Department of Chemistry, University of Nebraska, Lincoln, NE, United States.
Clin Chim Acta. 2011 Aug 17;412(17-18):1606-15. doi: 10.1016/j.cca.2011.05.012. Epub 2011 May 13.
The glycation of human serum albumin (HSA) during diabetes can affect the ability of this protein to bind drugs and small solutes in blood. This study describes the use of (16)O/(18)O-labeling and matrix-assisted laser desorption/ionization time-of-flight mass spectrometry to compare the levels of modification that occur throughout HSA under various glycation conditions in vitro. These quantitative studies build on a recent report that has identified the early and advanced glycation products that are formed on such samples of HSA.
Glycated HSA samples were prepared by incubating 42 g/l HSA with 0 to 15 mmol/l glucose at pH 7.4 and 37°C for up to 5 weeks. A control HSA sample was digested in (16)O-enriched water and glycated HSA samples were digested in the presence of (18)O-enriched water. These 2 types of samples were then mixed and the amounts of (16)O- vs. (18)O-labeled peptides were measured to determine the levels of modification that were occurring throughout HSA.

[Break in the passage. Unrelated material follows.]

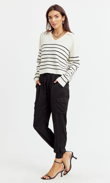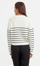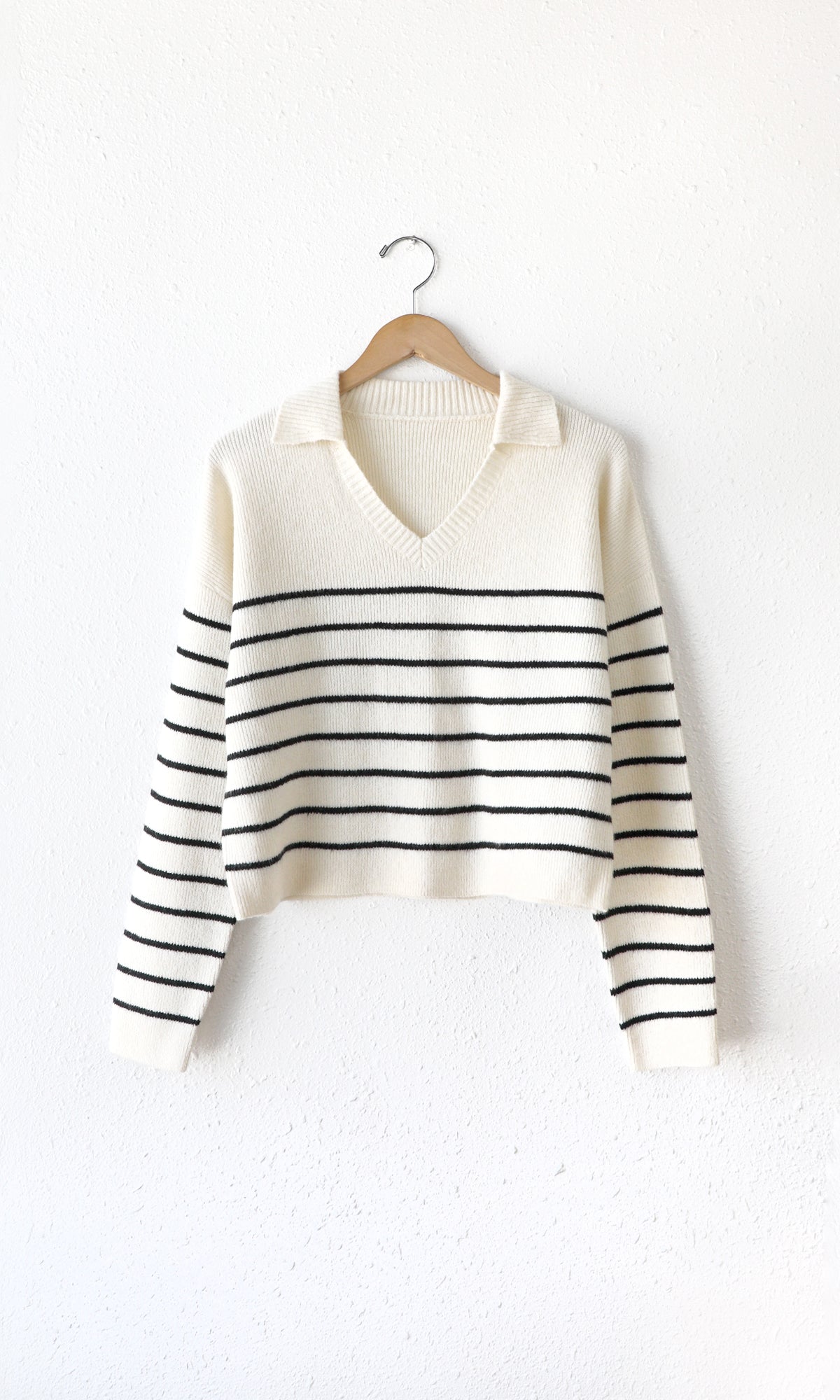 A lightweight sweater with a loose fit. It features classic stripes to match with any garment and an open collar sweater. It's a great piece for your wardrobe foundation for it's casual design that can be styled to your heart's content.

The largest levels of modification occurred in residues 101-119, 1-10 or 42-51, 87-100, 360-372, 521-531, and 275-286 of HSA after 2 weeks of glycation, and in residues 21-41, 1-10 or 42-51, 521-531, 82-93, and 146-160 after 5 weeks of glycation. Some of these regions contained the N-terminus, K199, K439, and K525, which have been previously identified as major glycation sites on HSA. The glycation pattern of HSA was dominated by early glycation products (e.g., fructosyl-lysine) after a reaction period of 2 weeks for mildly glycated HSA, while advanced glycation end products became more prominent at longer reaction times.
The time course of the observed modifications indicated that the pattern of glycation products changed as HSA was incubated over longer periods of time with glucose. Several regions found to have significant levels of modification were at or near the major drug binding regions on HSA. These results explain why the interaction of some drugs with HSA has been observed to vary with the level of glycation for this protein.
在糖尿病期间,人血清白蛋白(HSA)的糖化作用会影响该蛋白结合血液中药物和小分子的能力。本研究描述了使用(16)O/(18)O 标记和基质辅助激光解吸/电离飞行时间质谱,比较体外不同糖化条件下 HSA 中发生的修饰水平。这些定量研究建立在最近的一份报告的基础上,该报告确定了在这种 HSA 样本上形成的早期和晚期糖基化产物。
将 42 g/L HSA 与 0 至 15 mmol/L 葡萄糖在 pH 7.4 和 37°C 下孵育长达 5 周,制备糖化 HSA 样品。对照 HSA 样品在(16)O 富集水中消化,糖化 HSA 样品在(18)O 富集水中消化。然后将这 2 种样品混合,并测量(16)O-与(18)O-标记肽的量,以确定 HSA 中发生的修饰水平。
糖化 2 周后,HSA 中修饰水平最大的区域为 101-119、1-10 或 42-51、87-100、360-372、521-531 和 275-286,糖化 5 周后修饰水平最大的区域为 21-41、1-10 或 42-51、521-531、82-93 和 146-160。这些区域中的一些包含 N 末端、K199、K439 和 K525,它们以前被确定为 HSA 上的主要糖化位点。在温和糖化 HSA 的反应期为 2 周时,HSA 的糖化模式主要由早期糖化产物(如果糖基赖氨酸)主导,而随着反应时间的延长,晚期糖基化终产物变得更加明显。
观察到的修饰的时间过程表明,随着 HSA 与葡萄糖孵育时间的延长,糖化产物的模式发生了变化。在 HSA 中发现有显著修饰水平的几个区域位于或接近 HSA 上的主要药物结合区域。这些结果解释了为什么一些药物与 HSA 的相互作用会随着该蛋白的糖化程度而变化。